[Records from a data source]
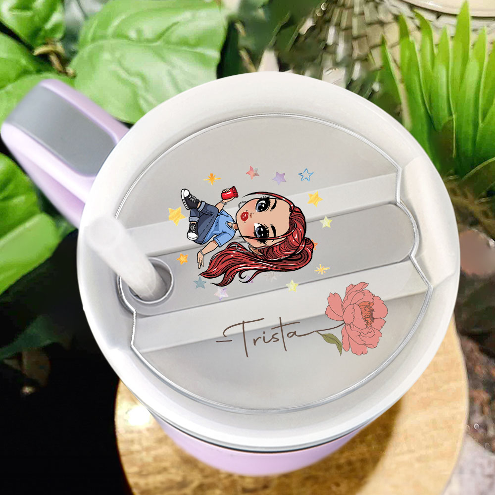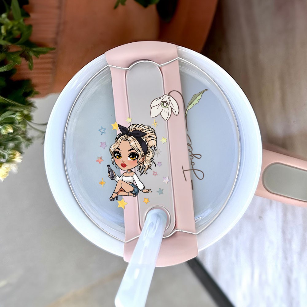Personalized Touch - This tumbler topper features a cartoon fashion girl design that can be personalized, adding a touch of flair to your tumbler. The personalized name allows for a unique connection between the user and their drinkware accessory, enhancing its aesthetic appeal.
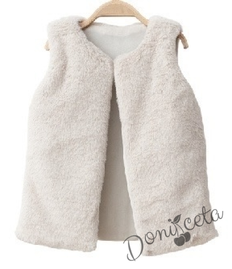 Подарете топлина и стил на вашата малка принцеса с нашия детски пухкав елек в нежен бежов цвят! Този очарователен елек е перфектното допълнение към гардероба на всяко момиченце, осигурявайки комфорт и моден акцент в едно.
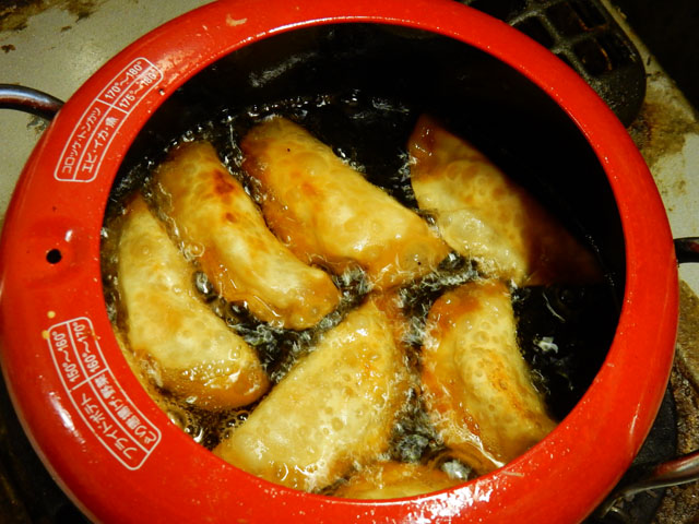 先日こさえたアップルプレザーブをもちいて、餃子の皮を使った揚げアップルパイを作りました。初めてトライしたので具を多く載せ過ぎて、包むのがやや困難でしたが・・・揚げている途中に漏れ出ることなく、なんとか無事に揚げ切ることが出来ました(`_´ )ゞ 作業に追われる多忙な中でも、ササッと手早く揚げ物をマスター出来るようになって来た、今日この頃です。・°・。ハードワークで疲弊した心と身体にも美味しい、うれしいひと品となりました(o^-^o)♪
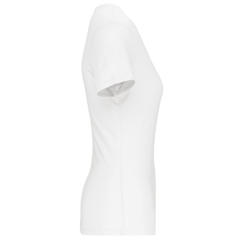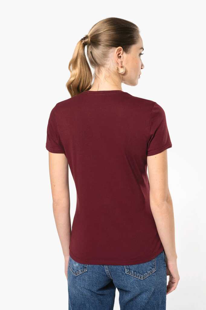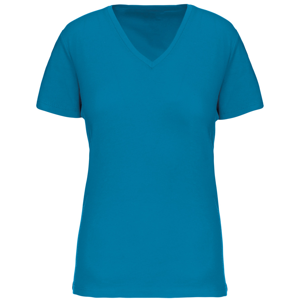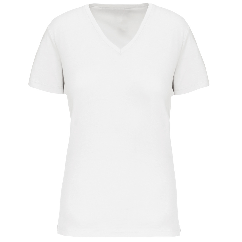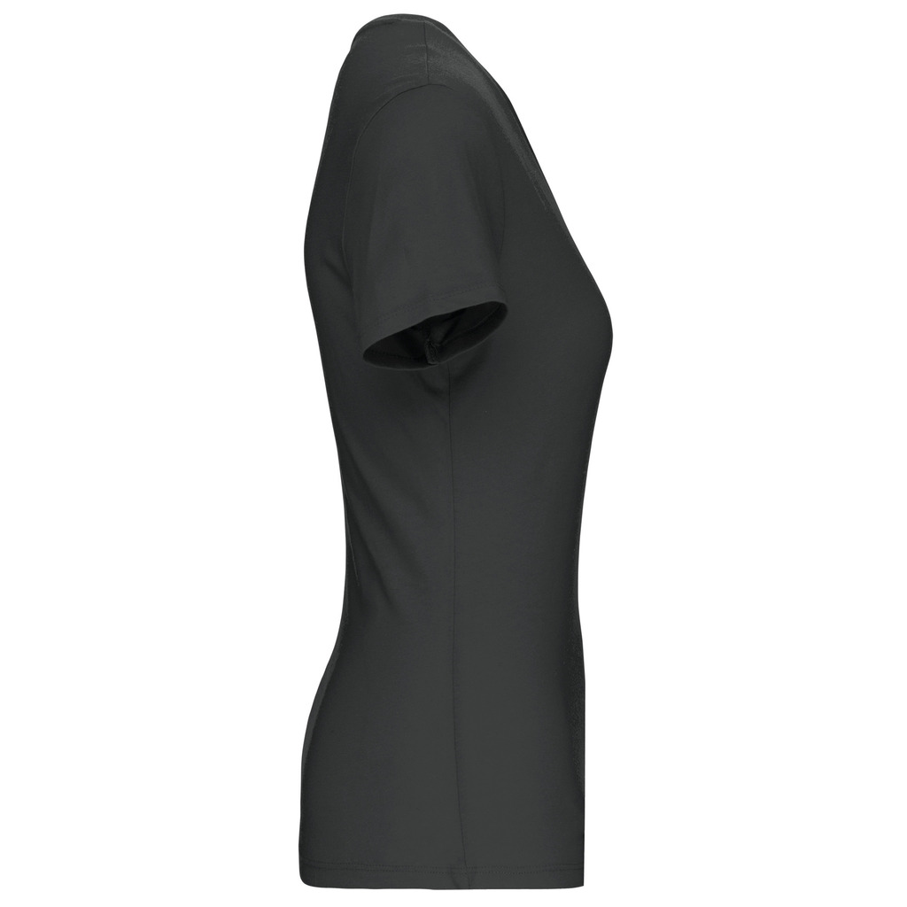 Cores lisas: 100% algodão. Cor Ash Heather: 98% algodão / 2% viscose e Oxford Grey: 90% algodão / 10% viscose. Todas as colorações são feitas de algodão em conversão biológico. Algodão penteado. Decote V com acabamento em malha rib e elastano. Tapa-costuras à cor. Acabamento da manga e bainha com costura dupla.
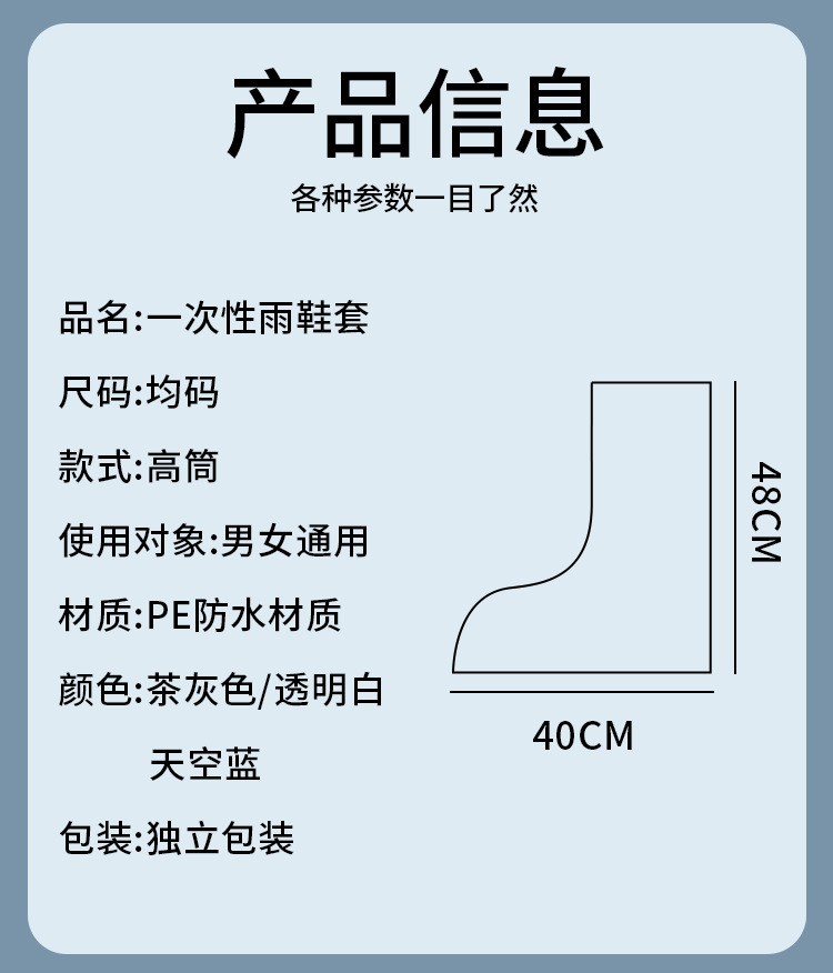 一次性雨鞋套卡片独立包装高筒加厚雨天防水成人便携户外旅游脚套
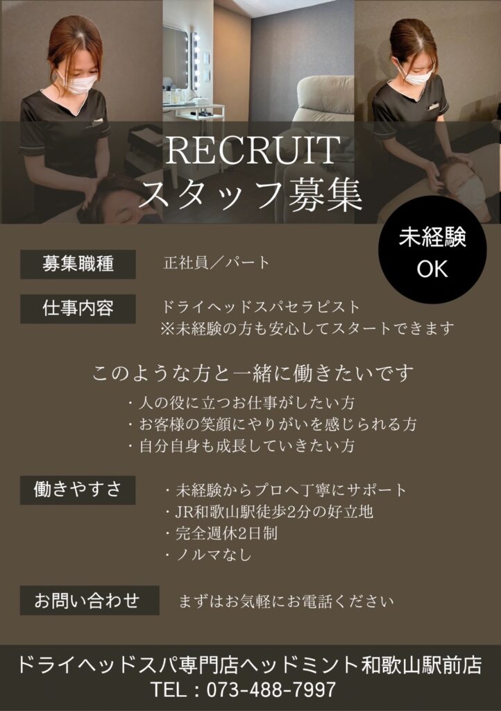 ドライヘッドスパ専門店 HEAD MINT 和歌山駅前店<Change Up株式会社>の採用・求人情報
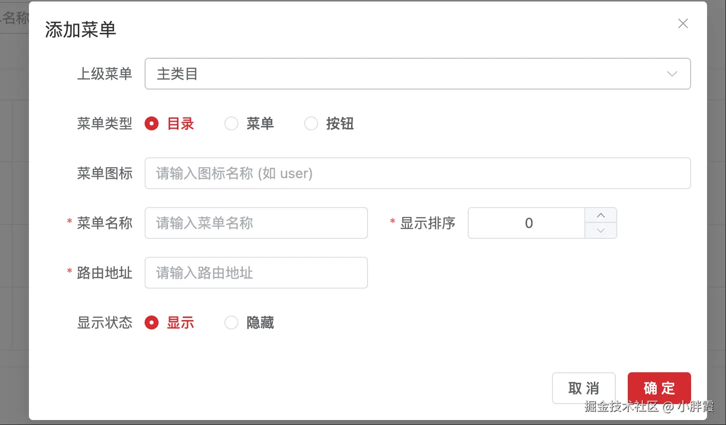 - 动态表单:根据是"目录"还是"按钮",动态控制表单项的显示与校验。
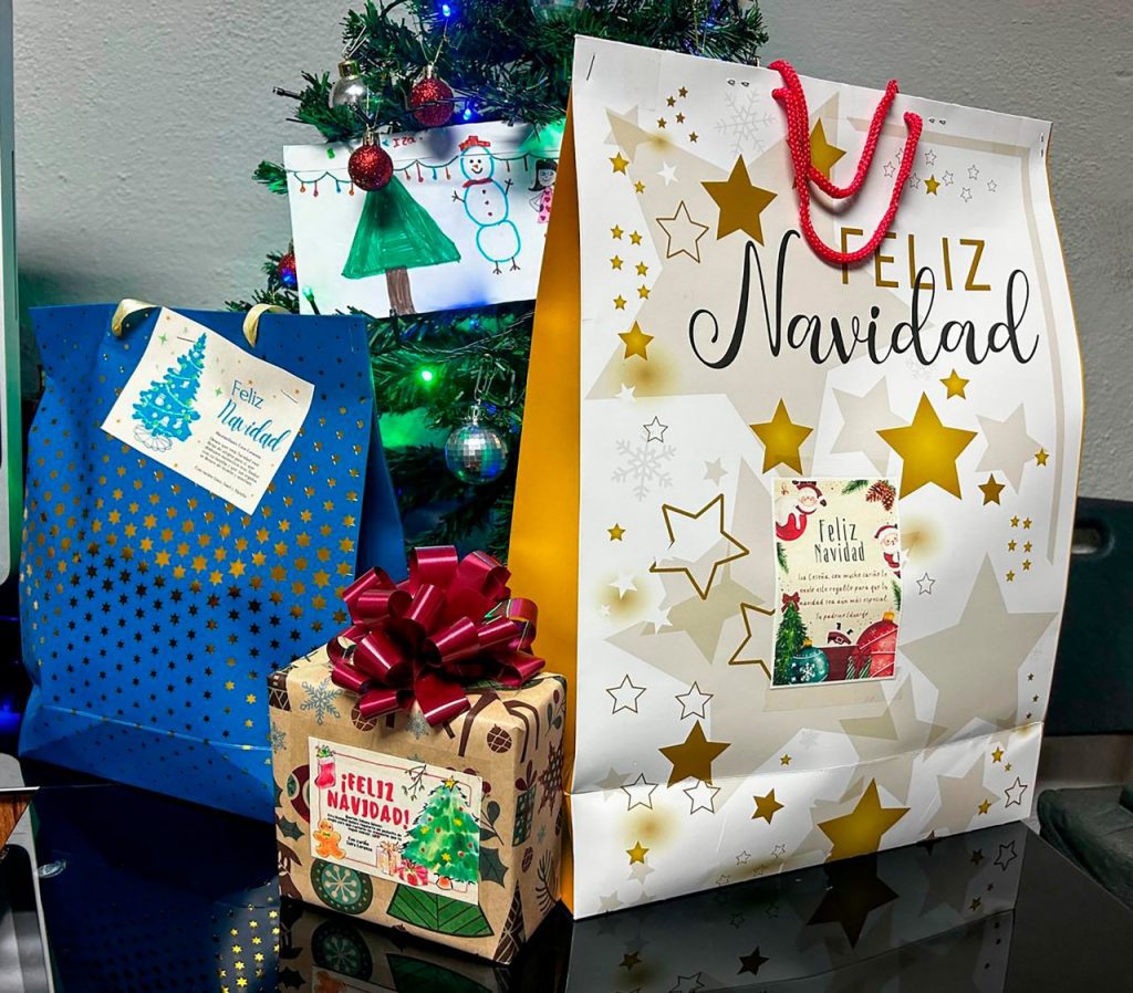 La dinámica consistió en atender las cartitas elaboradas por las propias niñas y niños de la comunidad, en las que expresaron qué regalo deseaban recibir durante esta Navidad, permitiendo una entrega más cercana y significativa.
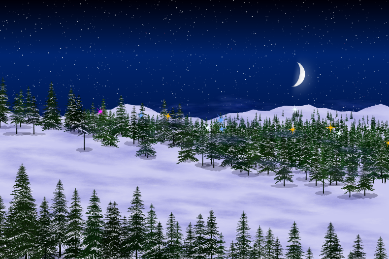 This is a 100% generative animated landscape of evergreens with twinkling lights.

**Brief**
Please reproduce each entry exactly as given and omit the pictures.

**Written reply**
Personalized Touch - This tumbler topper features a cartoon fashion girl design that can be personalized, adding a touch of flair to your tumbler. The personalized name allows for a unique connection between the user and their drinkware accessory, enhancing its aesthetic appeal.
 Подарете топлина и стил на вашата малка принцеса с нашия детски пухкав елек в нежен бежов цвят! Този очарователен елек е перфектното допълнение към гардероба на всяко момиченце, осигурявайки комфорт и моден акцент в едно.
 先日こさえたアップルプレザーブをもちいて、餃子の皮を使った揚げアップルパイを作りました。初めてトライしたので具を多く載せ過ぎて、包むのがやや困難でしたが・・・揚げている途中に漏れ出ることなく、なんとか無事に揚げ切ることが出来ました(`_´ )ゞ 作業に追われる多忙な中でも、ササッと手早く揚げ物をマスター出来るようになって来た、今日この頃です。・°・。ハードワークで疲弊した心と身体にも美味しい、うれしいひと品となりました(o^-^o)♪
 Cores lisas: 100% algodão. Cor Ash Heather: 98% algodão / 2% viscose e Oxford Grey: 90% algodão / 10% viscose. Todas as colorações são feitas de algodão em conversão biológico. Algodão penteado. Decote V com acabamento em malha rib e elastano. Tapa-costuras à cor. Acabamento da manga e bainha com costura dupla.
 一次性雨鞋套卡片独立包装高筒加厚雨天防水成人便携户外旅游脚套
 ドライヘッドスパ専門店 HEAD MINT 和歌山駅前店<Change Up株式会社>の採用・求人情報
 - 动态表单:根据是"目录"还是"按钮",动态控制表单项的显示与校验。
 La dinámica consistió en atender las cartitas elaboradas por las propias niñas y niños de la comunidad, en las que expresaron qué regalo deseaban recibir durante esta Navidad, permitiendo una entrega más cercana y significativa.
 This is a 100% generative animated landscape of evergreens with twinkling lights.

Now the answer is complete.